Let’s start off with a single covariate. We’ll use the motorcycle data set, which is a data frame giving a series of measurements of head acceleration in a simulated motorcycle accident, used to test crash helmets.

  • times: in milliseconds after impact
  • accel: acceleration in g
data('mcycle', package='MASS')

Run a GAM predicting head acceleration by time with time as a smooth term.

You can plot the result with visreg as follows. If you haven’t installed it, you’ll need to do so. Otherwise just use the plot function.

visreg(my_gam_model, partial=F)

Exercise 2

Next we’ll use a the yearly movie data consisting of the following variables.

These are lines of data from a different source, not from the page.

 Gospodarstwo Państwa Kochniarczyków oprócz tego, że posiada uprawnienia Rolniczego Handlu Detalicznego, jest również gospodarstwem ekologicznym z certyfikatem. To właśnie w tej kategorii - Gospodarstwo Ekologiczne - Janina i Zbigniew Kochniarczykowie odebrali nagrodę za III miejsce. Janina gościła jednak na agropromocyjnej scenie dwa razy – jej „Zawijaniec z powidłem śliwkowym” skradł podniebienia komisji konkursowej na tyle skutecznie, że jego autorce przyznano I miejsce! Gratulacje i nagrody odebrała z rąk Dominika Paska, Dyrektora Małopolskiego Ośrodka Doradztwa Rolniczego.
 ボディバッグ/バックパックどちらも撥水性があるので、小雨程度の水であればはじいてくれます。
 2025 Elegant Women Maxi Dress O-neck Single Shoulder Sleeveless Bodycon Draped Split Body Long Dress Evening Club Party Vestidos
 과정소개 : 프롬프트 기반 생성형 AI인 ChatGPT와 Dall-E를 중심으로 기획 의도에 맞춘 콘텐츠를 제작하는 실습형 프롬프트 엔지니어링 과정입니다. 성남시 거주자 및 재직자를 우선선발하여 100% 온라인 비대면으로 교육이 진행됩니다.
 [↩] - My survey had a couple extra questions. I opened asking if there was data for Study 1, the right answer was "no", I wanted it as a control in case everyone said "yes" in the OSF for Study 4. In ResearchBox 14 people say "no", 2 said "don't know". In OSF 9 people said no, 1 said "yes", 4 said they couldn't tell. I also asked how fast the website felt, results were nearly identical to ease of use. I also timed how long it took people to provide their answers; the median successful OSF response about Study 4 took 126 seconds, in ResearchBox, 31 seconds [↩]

  • year: Year of release.
  • budget_2016: Average budget in millions 2016 US dollars
  • length: Average length in minutes.
  • rating: Average IMDB user rating.
  • votes: Average number of IMDB users who rated movies that year, in thousands.
  • N: The number of movies that went into the averaging.

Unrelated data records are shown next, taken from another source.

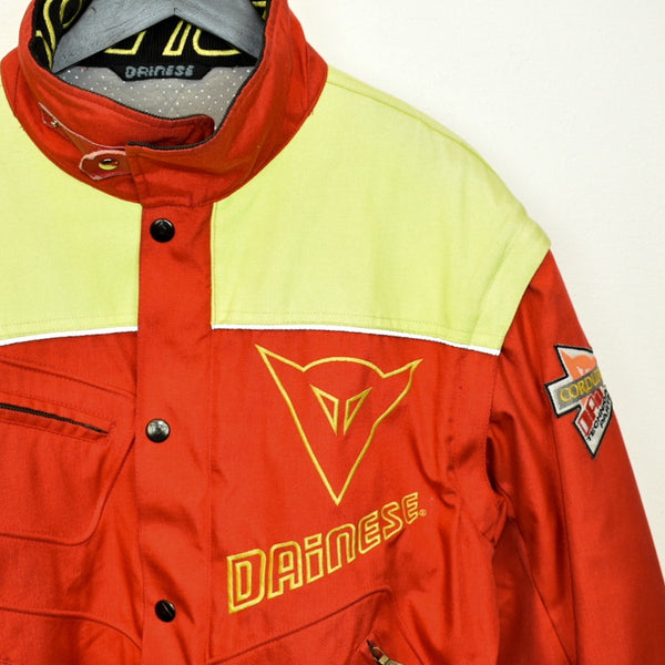 Vintage Dainese motor bomber jacket fleece windbreaker in neon red and yellow. Unisex. Same/Next day postage, instant buy is on! Has a logo on the chest. Great condition. We recommend M.
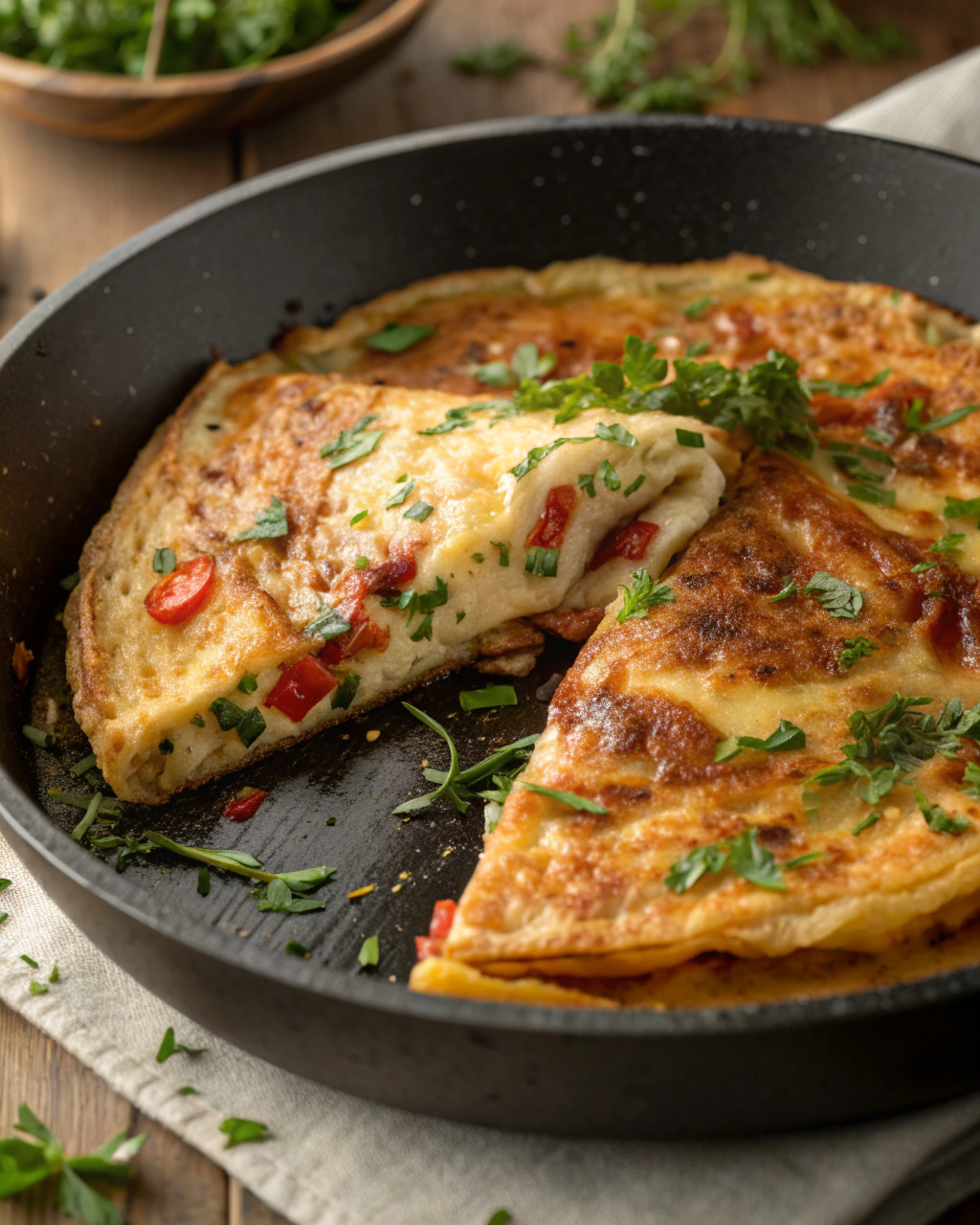 Servez cette omelette moelleuse accompagnée d’une tranche de pain de campagne légèrement grillé, encore tiède, pour jouer sur la douceur et le croustillant. Un petit bol de salade verte, avec un filet de vinaigre balsamique, ajoute une touche de fraîcheur bienvenue. La lumière douce d’un matin calme, une tasse de café fumante à côté, complètent le tableau d’un repas simple et sincère, qui rassure sans prétention.
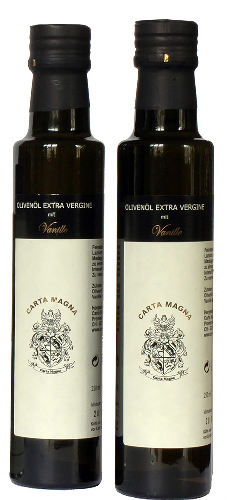 Aromatisiertes Olivenöl ist eine Bereicherung für die ambitionierte Küche. Sein unverwechselbarer Geschmack, aber auch die sehr gesunden Inhaltsstoffe machen Olivenöl zur Königin aller Öle. Basis unserer aromatisierten Olivenöle ist ausschliesslich bestes, lagenreines Olivenöl aus dem Lazium. Die Früchte werden von Hand geerntet, das Öl wird in kleinen, hochmodernen Anlagen unmittelbar nach der Ernte kalt gepresst. Unsere aromatisierten Öle enthalten immer nur Olivenöl sowie eine natürliche Zutat wie Vanille oder Zitronen in allerbester Qualität.
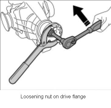 3. Unscrew nut on drive flange. To do this, block flange with special tool arm bracket 3435.
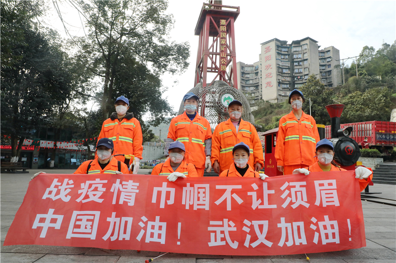 嘉阳集团综合服务公司承担绿化工作的8名女职工从矿区“美容师”转为抗疫“先锋队”,身负50斤的消毒装备“临阵上岗”,任劳任怨。

Run an lm/glm with budget_2016 as the target and your choice of covariates. Here is some starter code.

mod_glm = glm(budget_2016 ~ x + z, data=movies_yearly)


Run an gam with the same model but no smooth terms (i.e. just change the function to gam)


Now run a gam with any smooth terms you care to. What is your interpretation of the results?

Exercise 3

Use the movies_yearly_action data. This data is the same as the yearly data, but broken out into whether the movie was categorized as being and Action flick (possibly in combination of another genre) or Other. Run a GAM where the outcome is budget in millions of 2016 dollars.

# If you haven't already, load the data as in exercise 2
gam_model_byAction = gam(budget_2016 ~  s(year, by=Action) + Action + votes + length, 

Plot the result with visreg as follows.

visreg::visreg(gam_model_byAction, xvar='year', by='Action', 
               overlay=T, partial=F)

What trends do you see? Is the yearly trend the same for action movies vs other movies? Do you think both trends should be allowed to ‘wiggle’?

Exercise 4

Keep it local with the following Great Lakes data set13. The following model uses a Gaussian process smooth for year and a p-spline for the monthly effect, both by the corresponding lake. Try increasing k for the year effect, and with bs='cp' (a cyclic p-spline) for the month effect. Do you think using the cyclic option, where the endpoints are equal, was viable approach?


gam_monthly_cycle = gam(meters*10 ~ lake + s(year, by=lake, bs='gp', k=10) 
                        + s(month_num, bs='ps', by=lake), data=lakes)
# summary(gam_monthly_cycle)
monthpd = visreg(gam_monthly_cycle, xvar='month_num', by='lake', overlay=T, plot=F)$fit
yearpd = visreg(gam_monthly_cycle, xvar='year', by='lake', overlay=T, plot=F)$fit

monthpd %>% 
  ggplot() +
  geom_line(aes(x=month_num, y=visregFit)) +
  scale_x_continuous(breaks=1:12, labels=month.abb) +
  facet_wrap(~lake, scales='free_y') +
  theme(axis.text.x = element_text(angle=-45, hjust = 0))

yearpd %>% 
  ggplot() +
  geom_line(aes(x=year, y=visregFit)) + 
  facet_wrap(~lake, scales='free_y')

  1. Lake data from http://www.lre.usace.army.mil/Missions/Great-Lakes-Information/Great-Lakes-Water-Levels/Historical-Data/. Note that in the exercise we model the water level in decimeters.